Masking: None (Open Label)
Primary Purpose: Treatment
Official Title: Management of Severe Acute Malnutrition in Children With Sickle Cell Disease Greater Than 5 Years of Age Living in Northern Nigeria
Actual Study Start Date : August 18, 2021
Actual Primary Completion Date : October 5, 2022
Estimated Study Completion Date : August 2023


Arm Intervention/treatment
Experimental: Nutritional Supplement and Hydroxyurea
50 children (5-12 years old) with SCA and severe malnutrition will be randomly allocated to receive nutritional supplement and hydroxyurea (20mg/kg/day)
Drug: hydroxyurea (20mg/kg/day)
Treatment of severe malnutrition in children with SCA in northern Nigeria
Other Name: hydrea

Dietary Supplement: Nutritional Supplement
Treatment of severe malnutrition in children with SCA in northern Nigeria per local protocol with SoyaPlus
Other Names:
  • SoyaPlus
  • RUTF

Placebo Comparator: Nutritional Supplement alone
50 children (5-12 years old) with SCA and severe malnutrition will be randomly allocated to receive nutritional supplement alone
Dietary Supplement: Nutritional Supplement
Treatment of severe malnutrition in children with SCA in northern Nigeria per local protocol with SoyaPlus
Other Names:
  • SoyaPlus
  • RUTF

Placebo Comparator: non-SCD AND severe malnutrition
To decrease the likelihood of sharing limited food resources, we will enroll 100 malnourished non-SCD siblings.
Dietary Supplement: Nutritional Supplement
Treatment of severe malnutrition in children with SCA in northern Nigeria per local protocol with SoyaPlus
Other Names:
  • SoyaPlus
  • RUTF




Primary Outcome Measures :
  1. Therapy Acceptance and Adherence over 12-week Period [ Time Frame: 4 months ]
    The primary outcome measure will be adherence to daily administration of hydroxyurea and nutritional therapy. If adherence rate is less than 55%, alternative strategies must be considered for the definitive Phase III Trial.

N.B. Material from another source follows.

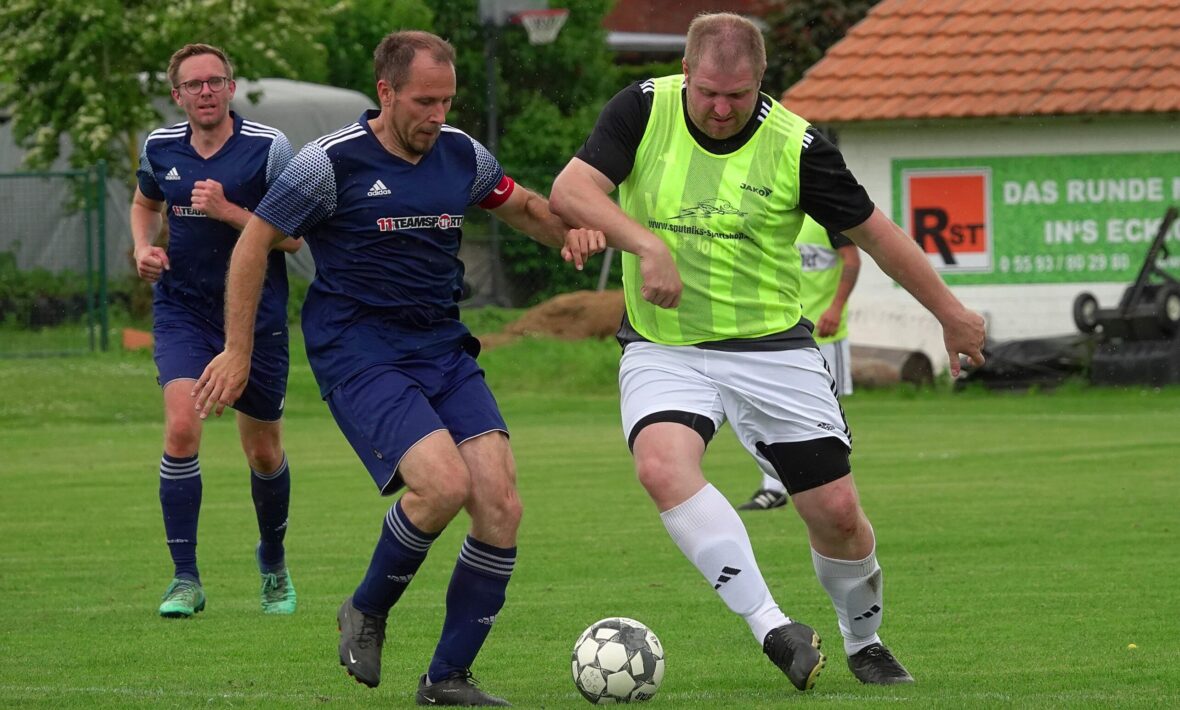 Die Gäste aus Dransfeld und Umland kamen mit vielen bekannten Gesichtern nach Lenglern. Der Grund: Am 14. Juni spielt die Altherren-Mannschaft der SG Hoher Hagen in Dransfeld gegen die Traditionsmannschaft des VfL Wolfsburg. Um nicht ganz unsportlich zu wirken, nutzten viele in die Jahre gekommene Spieler das Kleinfeldspiel, um ihre Fitness zu verbessern. Das gelang auch wirklich gut. Die Gäste waren das bessere Team und hatten ein deutliches Chancenplus. Sie gingen nach 15 Minuten durch Sebastian Fritz mit 1:0 in Führung. Zehn Minuten später glichen die Hausherren, die sehr kampfstark agierten, durch Christian Clasing aus. Beim Stand von 1:1 wurden die Seiten gewechselt.
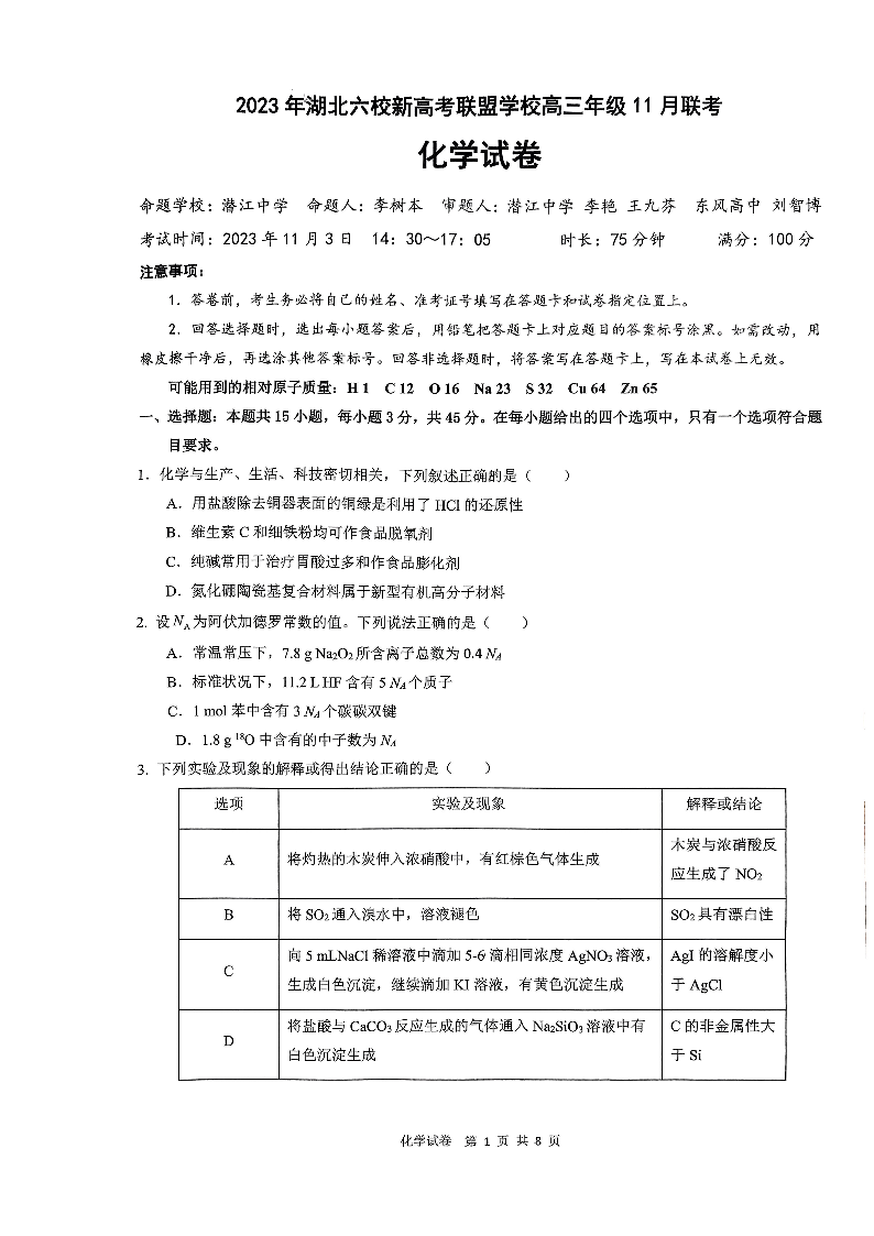 湖北省六校新高考联盟学校2023-2024学年高三上学期11月联考 化学

Secondary Outcome Measures :
  1. Nutritional Safety protocol for Children with Sickle Cell Anemia and Severe Malnutrition [ Time Frame: 6 months ]
    Study investigators will evaluate the use of a standard of care managament for severe malnutrition using the same protocol as World Health Organization (WHO). Study investigators expect the proportion of serious adverse reactions, as well as refeeding-related morbidity and mortality, to be very small compared to the benefits. Study investigators will compare the frequency of severe adverse events in the SCA group with children without SCD.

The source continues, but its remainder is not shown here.